There are very few HN stories about shoe factories or construction sites full stop.

That's a whole other issue.

The hook for this story is Occ Health and Safety, many people have an interest in safety and the fact that a CEO died hasn't stirred interest out of pity or sympathy for a CEO, it's schadenfreude that lax safety standards caught someone that could have improved those standards.

baobun•11m ago
The same reason starving children in Sudan rarely make the news: It's "business as usual".

Systemic issues make poor clickbait.

KnuthIsGod•1h ago
"You was not the first person to lose his life during construction of the EV plant and its suppliers. In April 2023, Victor Gamboa died on the megasite after falling 60 feet to his death.

Bryan County EMS records show in a 16-month period there were 53 calls for services at the site, including over a dozen for traumatic injuries. One of these injuries included another forklift accident, while one involved a worker being caught in a conveyor belt.

In March, prior to You’s death, a construction worker on the site went to the hospital after being seriously injured in a pipe explosion.

In May 2025, 27-year-old Allen Kowalski died on the HL-GA Battery construction site after a metal frame fell on him.

OSHA has opened at least 15 investigations into incidents at the site, including You’s death and the March pipe explosion."

jimnotgym•14m ago
And there will be more

>The company was ultimately fined just under $10,000 for his death.

arendtio•59m ago
Reminds me of Gabelstaplerfahrer Klaus (German):

https://www.youtube.com/watch?v=CDnOSW8cHjE

encom•9m ago
Das ist schnell eskaliert.
userbinator•50m ago
Once he was off the forklift, he “ran away” without checking on You.

I don't think this is a matter of just fining the company.
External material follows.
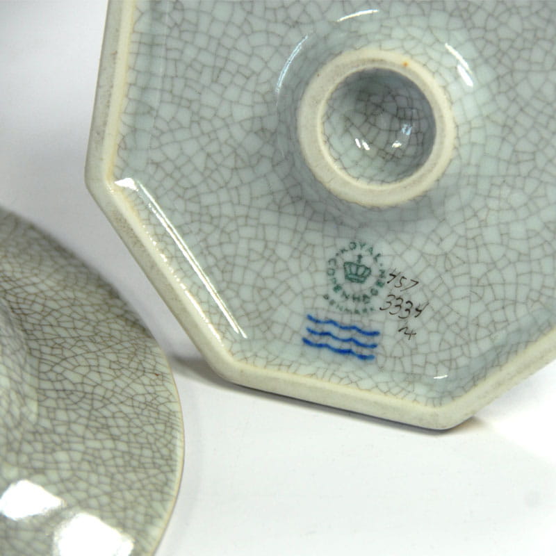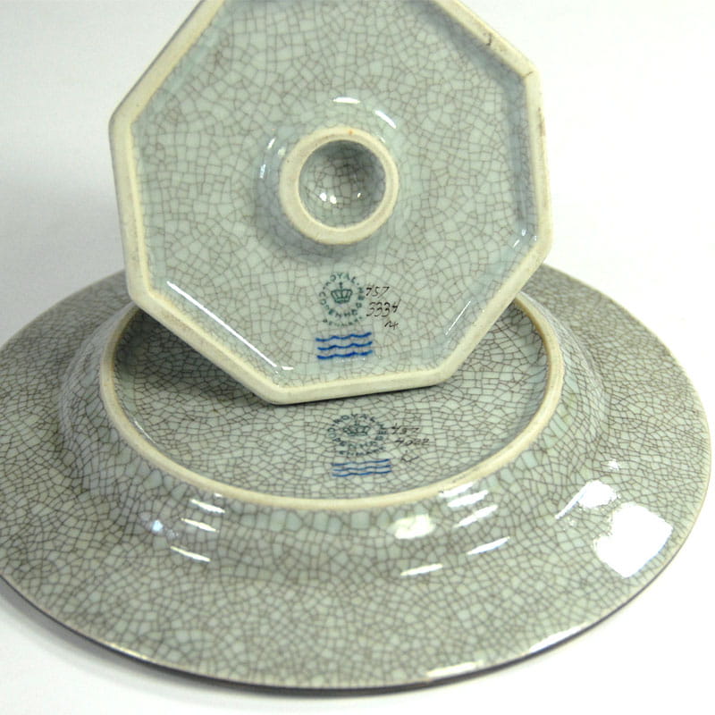 Zestaw stołowy zrobiony z porcelany, zdobiony dekoracyjną krakelurą oraz delikatnym zdobieniem. W jego skład wchodzi świecznik oraz paterka. Pochodzą z Danii z renomowanej wytwórni porcelany Royal Copenhagen z lat pięćdziesiątych XX wieku. Przedmioty są sygnowane oraz ręcznie numerowane. Zachowane w bardzo dobrym stanie z minimalnymi śladami używania. Wymiary świecznika: 10 x 5 cm. Wymiary paterki: 18 x 2,5 cm.

He should be subject to a criminal court.

metalman•5m ago
by forklift it can mean a "pallet fork" which is somewhat unlikly to kill someone, or monster that would squish a human like a bug. driver probably caught a flash,too late, felt the bump, glanced at the mess.....panicked the bigger machines will flatten a pickup truck, and because the operators sit so high up, the smaller gear have masts flying flags.

the real irony would be if the forklift opperators phone call, was getting the gears from his supervisor for not bieng fast, enough.

motbus3•28m ago
I know someone hit by a forklift because the operator didn't slowdown for the sections going out of the dark zones. Forklift operators are careless all the time. If you simply give them a chance by not being 100% safe yourself it might be fatal.

Forklift operators is, unfortunately, a job that needs go be taken by robots

Glawen•18m ago
That's also why you wear high visibility vest and you let forklifts priority.